Effect of Cyclic Stresses Below the Endurance Limit on the Fatigue Life of 40Cr Steel

Abstract

The effect of cyclic stresses below the endurance limit on the fatigue life of 40Cr medium-strength carbon steel is studied. Conventional constant-amplitude cyclic tests and specially designed variable-amplitude ones are conducted under torsional loading at the stress ratio R = 0.1. The results show that the strengthening effect of cyclic stresses below the endurance limit can be reached if they are applied prior to the exceeding ones. Moreover, the stress amplitude, number of cycles and load sequence are found to be the three major strengthening effect-controlling factors. Generally, different cyclic stress levels exhibit different strengthening effect values, whereas the respective fatigue strength will initially rise and then drop with the number of loading cycles.
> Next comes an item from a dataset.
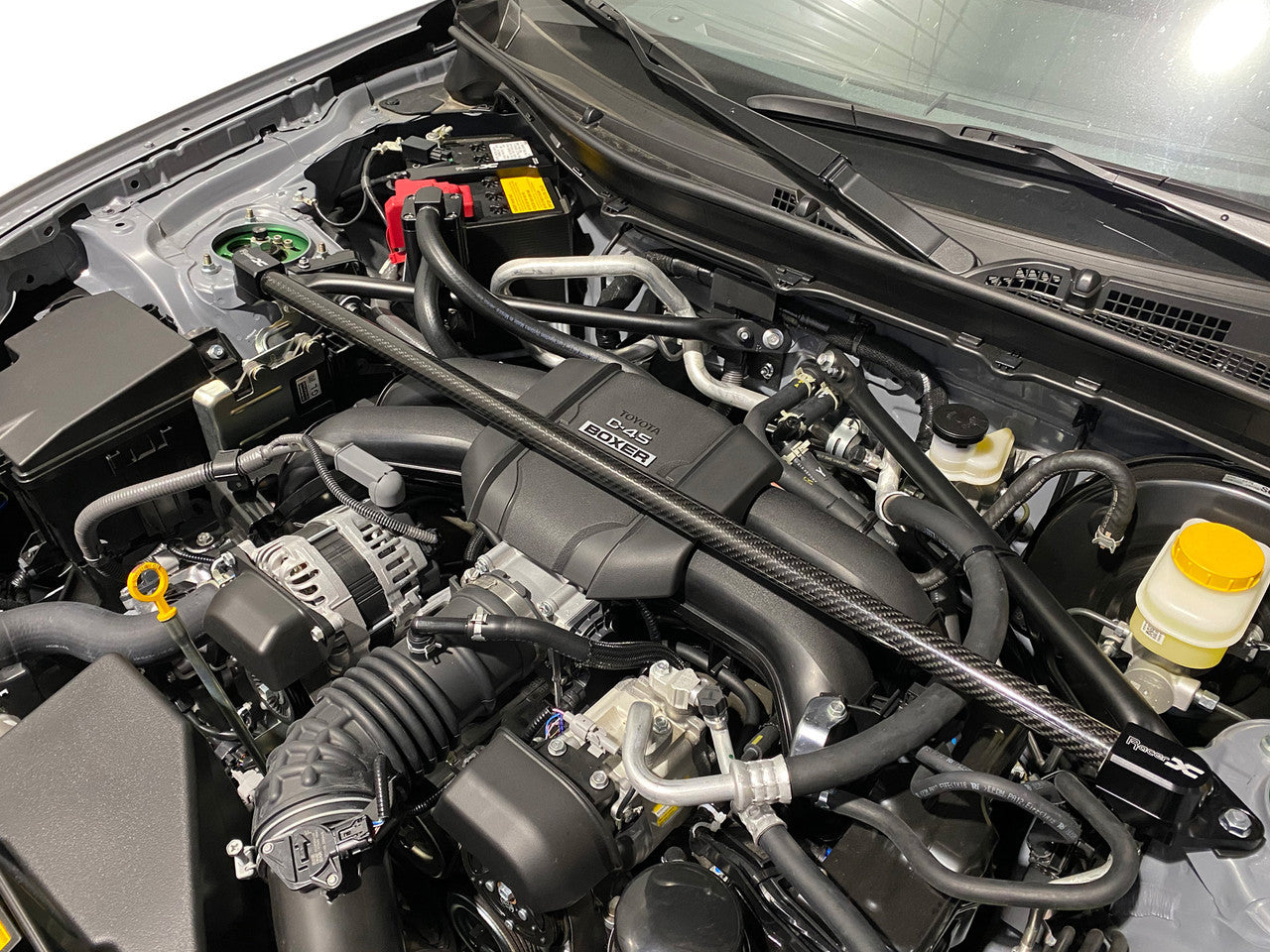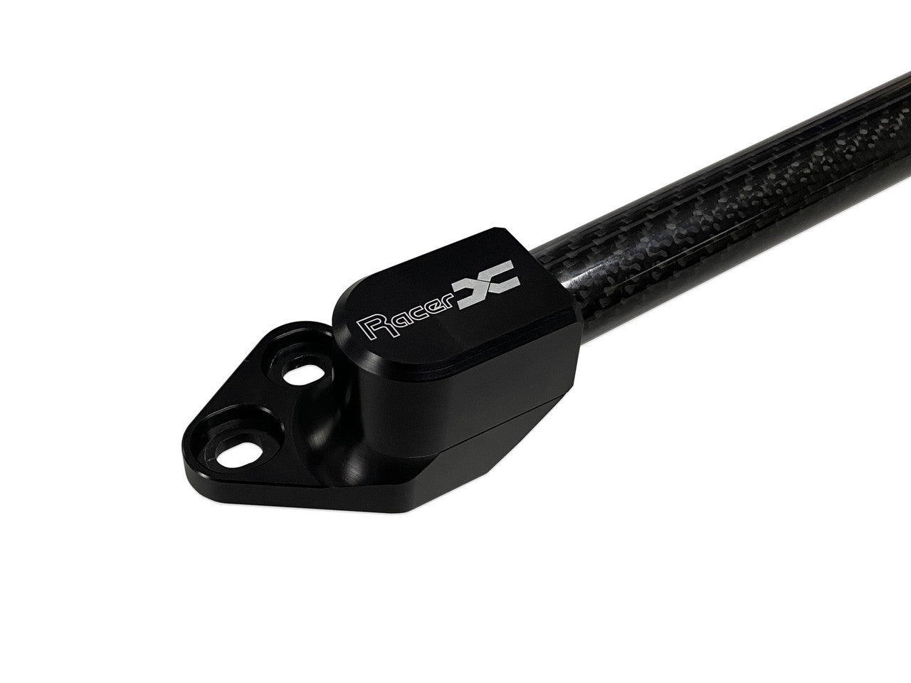 The Racer X Fabrication carbon fiber front strut tower brace for the 2022+ Toyota GR86 / Subaru BRZ was designed to reduce deflection between the strut towers commonly experienced during spirited driving or competition. The Racer X strut tower brace adds to the OEM braces and increases rigidity while improving steering response. The assembly is comprised of rolled carbon fiber tubing and CNC machined 6061-T6 aluminum mounts, making it lighter and stronger than many strut tower braces found on the market. The mounts are anodized black for corrosion resistance and appearance, and laser etched with the Racer X logo. The Racer X strut tower brace does clear the OEM intake manifold cover.

The cyclic stresses of a 85% endurance limit are established to provide the maximum strengthening effect. Under multi-level cyclic loadings, the strengthening effect at different cyclic stress levels is nonlinearly growing, and the total fatigue life is strongly related to the last level of stress amplitude in the load sequence. The scatter in fatigue lives is highly dependent on the loading conditions and strengthening effect The coefficient of variance (COV) of fatigue life values exhibit the tendency to a decrease with the strengthening effect, which may improve the uniformity of the material fatigue strength characteristics.